Watch out, Feedburner's numbers are woefully inaccurate! … but why?

This was Rand's response to a comment I made about Rand's confirmation of Aaron's claim that an RSS subscriber is worth 1000 links.

Here is my comment:

Wed (6/27/07) at 07:38 AM

Very useful links. I really like the Adwords tip.

An RSS Subscriber is Worth a Thousand Links – well said, Aaron, and very true (though I'd say, rather, 250 or 300)

I think it all depends on the quality of the links, the content on your blog, and your audience.

I checked some A-list blogs to compare subscribers count and inbound links:

SEOmoz

13,109 subscribers

998,000 links

76.13 links per subscriber

Problogger

25,579 subscribers

543,000 links

21.23 links per subscriber

Copyblogger

19083 subscribers

196,000 links

10.27 links per subscriber

Shoemoney

9737 subscribers

127,000 links

13.04 links per subscriber

John Chow

5,818 subscribers

127,000 links

21.83 links per subscriber

The gap doesn't seem to be so big.

What got me intrigued was the fact that bloggers are losing credibility on Feedburner's ability to accurately count RSS subscribers. I noticed, especially on Seomoz that RSS subscriber numbers jump up and down drastically, usually during weekends.

We all like to see our reader stats, count and traffic as a measure of whether we are doing things right or wrong. When WordPress.com dropped the RSS stats tab, they motivated me to host my blog on this server. I am glad they did as I have a lot more flexibility now. I will write a post with more details on the move soon.
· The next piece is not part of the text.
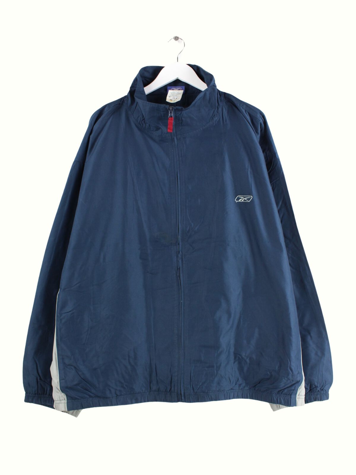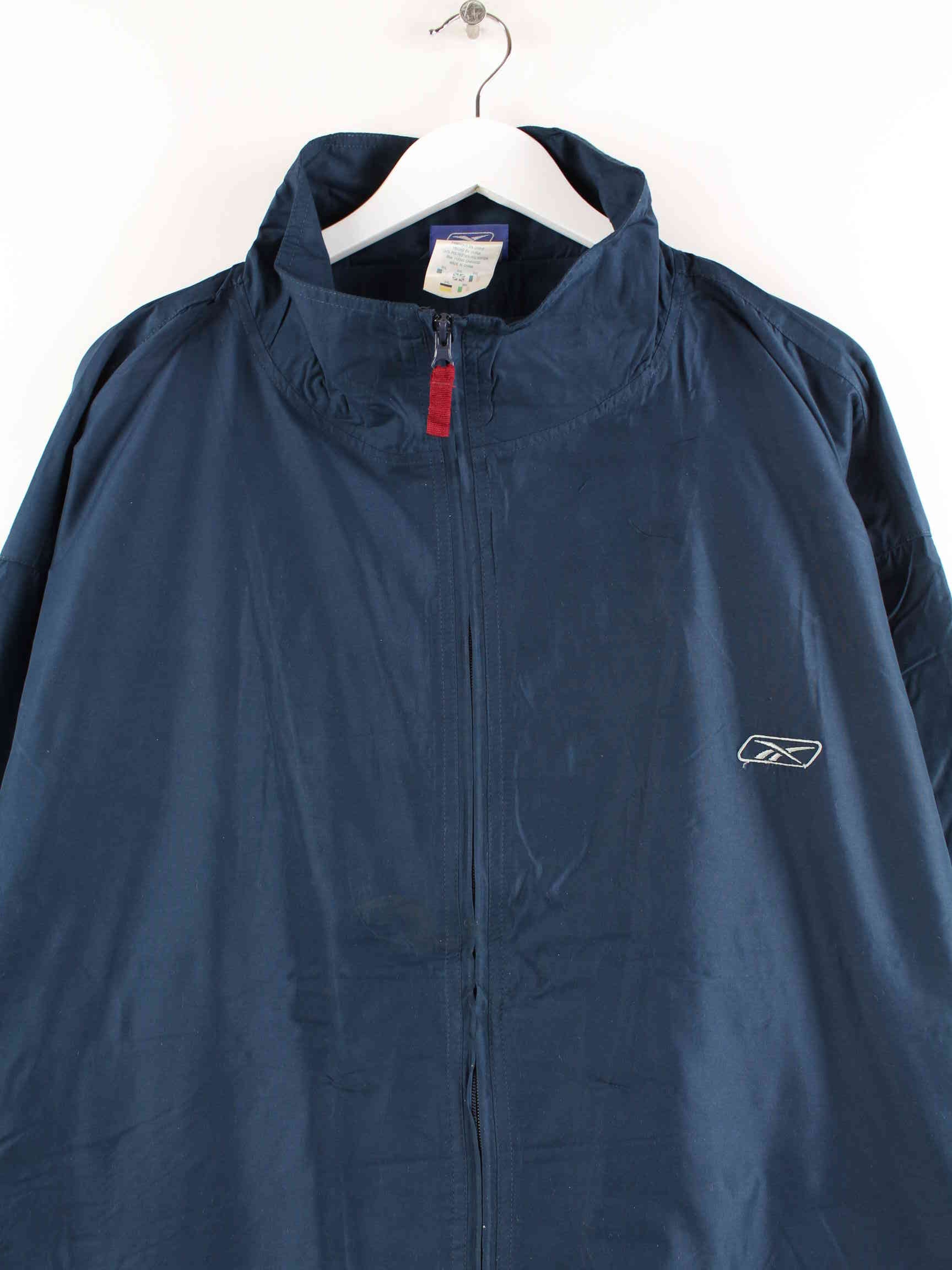 Reebok brand training jacket in size 3XL. It is made of synthetic and is available in blue.

I decided to dig deep for clues as to how Feedburners assess the subscriber count. I had the feeling they were measuring the hits to the RSS pages. But, how they account for the hits coming from aggregator services like Bloglines, Google Reader, etc was the question.
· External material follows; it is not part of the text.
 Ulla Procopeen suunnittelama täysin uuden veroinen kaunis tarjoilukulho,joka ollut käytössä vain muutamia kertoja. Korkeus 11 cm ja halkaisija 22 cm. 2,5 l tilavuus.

How Feedburner estimates the number of RSS readers?

If you are a regular reader, you already know that I love to read cryptic log files. Here is another example where they come in handy.

I looked in this blog's log file for hits from the RSS feed aggregators such as Google Reader and MyYahoo!. I didn't need to look any further.

Here are a couple of fresh log entries:

72.14.199.66 – – [27/Jun/2007:15:06:47 -0400] "GET /feed/ HTTP/1.1" 304 – "-" "Feedfetcher-Google; (+http://www.google.com/feedfetcher.html; xx subscribers; feed-id=xxxxxxxxxxxxxxxxxxx)" "-"

209.131.41.49 – – [27/Jun/2007:13:08:43 -0400] "GET /feed/ HTTP/1.0" 200 63041 "-" "YahooFeedSeeker/2.0 (compatible; Mozilla 4.0; MSIE 5.5; http://publisher.yahoo.com/rssguide; users xx; views xxx)) " "-"

As you can see, these services report the number of subscribers in the HTTP_USER_AGENT field. Feedburner only needs to extract that information and voila. There is the magic.

How trustworthy is that information?  How is it generated?

From http://publisher.yahoo.com/rss_guide/faq.php

Yahoo! generates approximate stats for the number of active subscribers and pageviews for your feed, based on a 30-day rolling average.

From http://www.google.com/help/reader/publishers.html

… Google Reader reports subscriber counts when we crawl feeds (within the "User-Agent:" header in HTTP). Currently, these counts include users of both Reader and iGoogle; over time they'll alsol include subscriptions from other Google properties.

This means that the accuracy of Feedburner depends heavily on the accuracy of the information provided by the aggregators. It might not be completely accurate but my bet is that it is far better than nothing. WordPress.com bring the Feed Stats back!